Antony effectively uses repetition in his speech. Constantly he mentions Brutus to be an ‘honourable man.’ By repeating Brutus to be honourable, as the plebeians are convinced he is, Antony is able to make it sound worthless as it begins to sound tiresome and so causes the plebeians to question Brutus nobility. Antony also repeats the word ‘ambition’. He reminds the crowd that Brutus said Caesar ‘was ambitious’ and points out to facts to them that contradicts this such as the ‘kingly crown which [Caesar] thrice refuse’ and how Caesar had bought money to the state.

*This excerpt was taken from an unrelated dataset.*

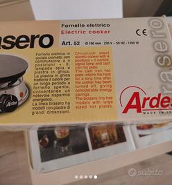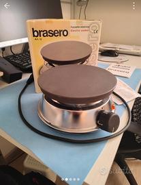 Piccolo elettrodomestico portatile ideale per cucinare in spazi ridotti o in viaggio. Come nuovo. Ma doppio. Funzionante. È dotato di una piastra in ghisa da 190 mm che trattiene il calore e di un corpo in acciaio cromato.

To make these facts more effective, Antony rhetorically asks them if this ‘was…ambition’. This as well in reflection, contradictory makes Brutus seems ambitious as he has persuaded the crowd with logic to why he killed Caesar. Subtly Antony is already persuading the plebeians to think towards his point of view by making them feel like an injustice has been done. The rhetorical questions are tricks in order to make the crowd think that, it as though they are deciding whether it is just or not. We also see as well, how Antony is very careful in balancing his repetition of ‘honourable’ men with something positive about Caesar or something negative about his death again in order for them to view that losing Caesar is a negative thing.

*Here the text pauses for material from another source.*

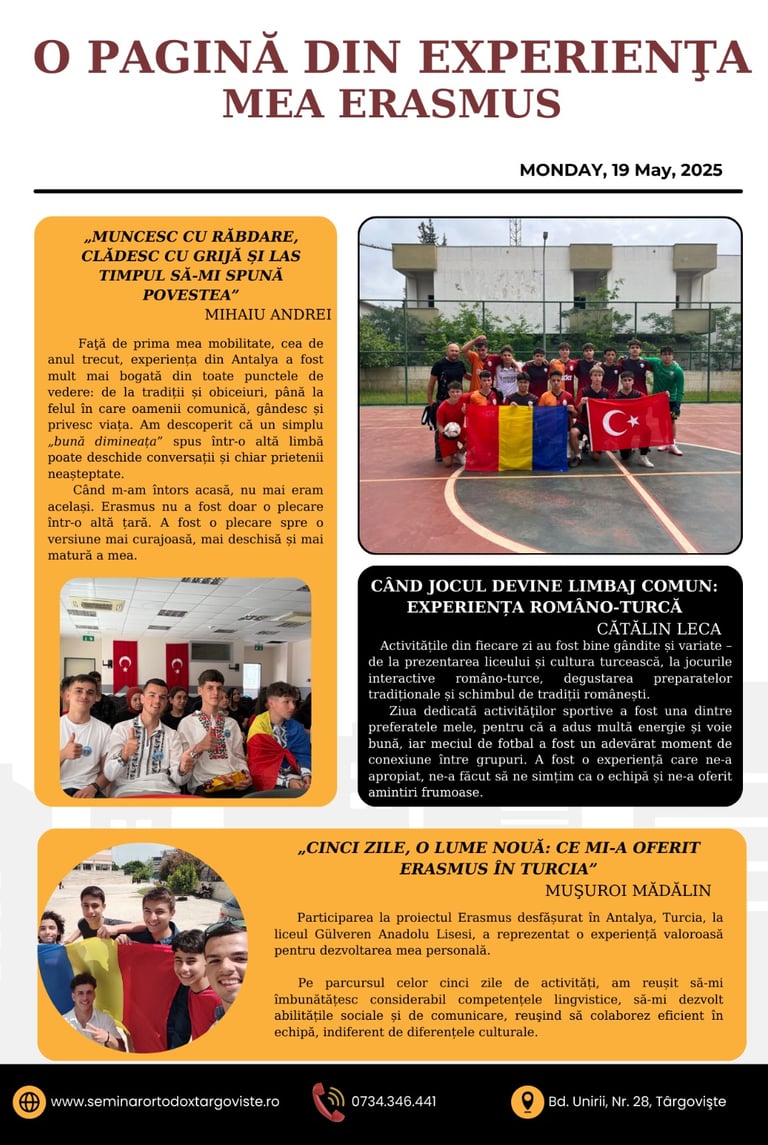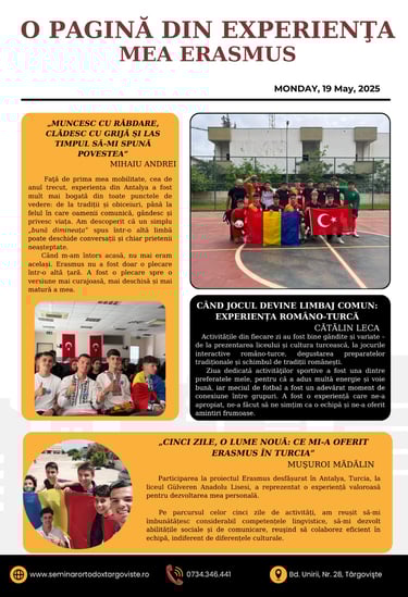 În perioada 21-27 aprilie 2024, cu binecuvântarea Înaltpreasfințitului Părinte Arhiepiscop și Mitropolit Nifon, am participat la o mobilitate de tipul job shadowing în cadrul Agrupamento de Escolas din Barcelos. Am avut ocazia să cunosc modul de funcționare al sistemului de învățământ portughez, specializările din cadrul acestei școli, materiile studiate, aspecte teoretice și practice ale programelor școlare. Am asistat la ore de curs, urmărind modul de predare, capacitatea elevilor de a aplica în situații practice cunoștințele dobândite (folosirea unor instrumente software, vorbire în public, discuții, dezbateri, activități, prezentări, proiecte de grup, creativitatea cadrelor didactice, calitatea temelor). Mobilitatea a avut și o componentă culturală deosebit de interesantă. Alături de elevi și cadre didactice din alte orașe din România, dar și din Turcia, am participat la excursii tematice la Porto și Braga, dar și la activități specifice legate de Ziua Portugaliei (25 aprilie).

Carefully, Antony is able to manipulate the crowd into trying to get him to read Caesar’s will. Here, he starts playing with their emotions in order to simmer enough anger to cause ‘mutiny and rage.’ Cleverly Antony mentions to the crowd that the will favours them though he claims he cannot tell them what is in it. By doing so, Antony is trying to display that he is on Brutus’s side by not “telling” them how much Caesar had loved the Roman people. Not only that, but he manages to insert Cassius’s name to make sure he gets the blame as well.
Antony continues to make his speech effective with the use of imagery in order to evoke sympathy. The first imagery he uses is of his ‘heart [being] in the coffin…with Caesar’. As this imagery invoke sympathy, Antony is trying to convince the plebeians that he is a much more noble man than Brutus and thus win their support. More imagery is used when descends from the pulpit to join the crowd as they create a circle around him. He is careful with his words in order to make the murder sound more violent. He shows the crowd the hole where Brutus ‘plucked his cursed steel away’. Again he also does this to make Brutus seem less honourable. Also by mentioning how Caesar praised Brutus it makes the Caesar’s death more unjust as he was killed by ‘Caesar’s angel’. Emotionally the crowd connects with this and begins to cry.

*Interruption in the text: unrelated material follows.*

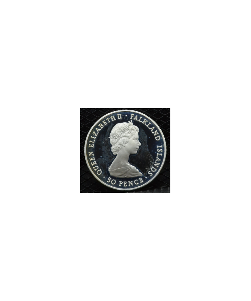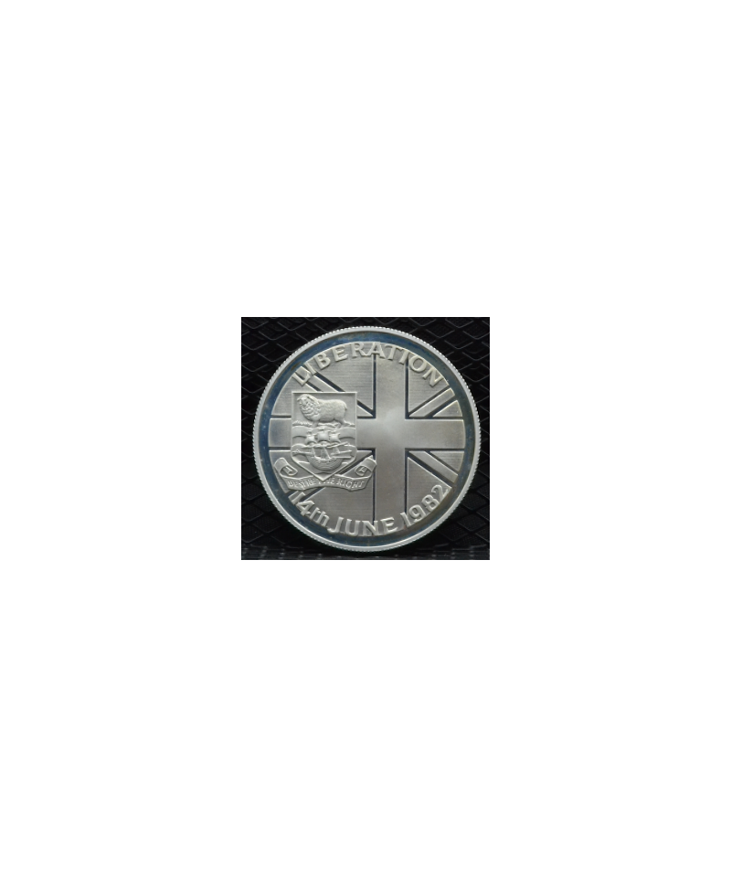 Descrizione: 50 Pence "Liberazione dall'Argentina" moneta PROOF in argento 925%.

Once he has them emotionally stirred, Antony uses it as an advantage. Cleverly he uses irony to make the crowd to feel the complete opposite of the words he uses. He mentions to them that he is ‘no orator, as Brutus is’ and he is only ‘a plain blunt man’. Somehow he is able to make himself seem more equal to them and this wins the hearts of the people. Using irony as well he is able to instruct the plebeians to what to do by telling them what not to do. He tops this off by revealing to them Caesar’s speech where the plebeians have plenty to gain. This causes an emotion to explode in them once again as it proves that Caesar was not ambitious but only care much for Rome.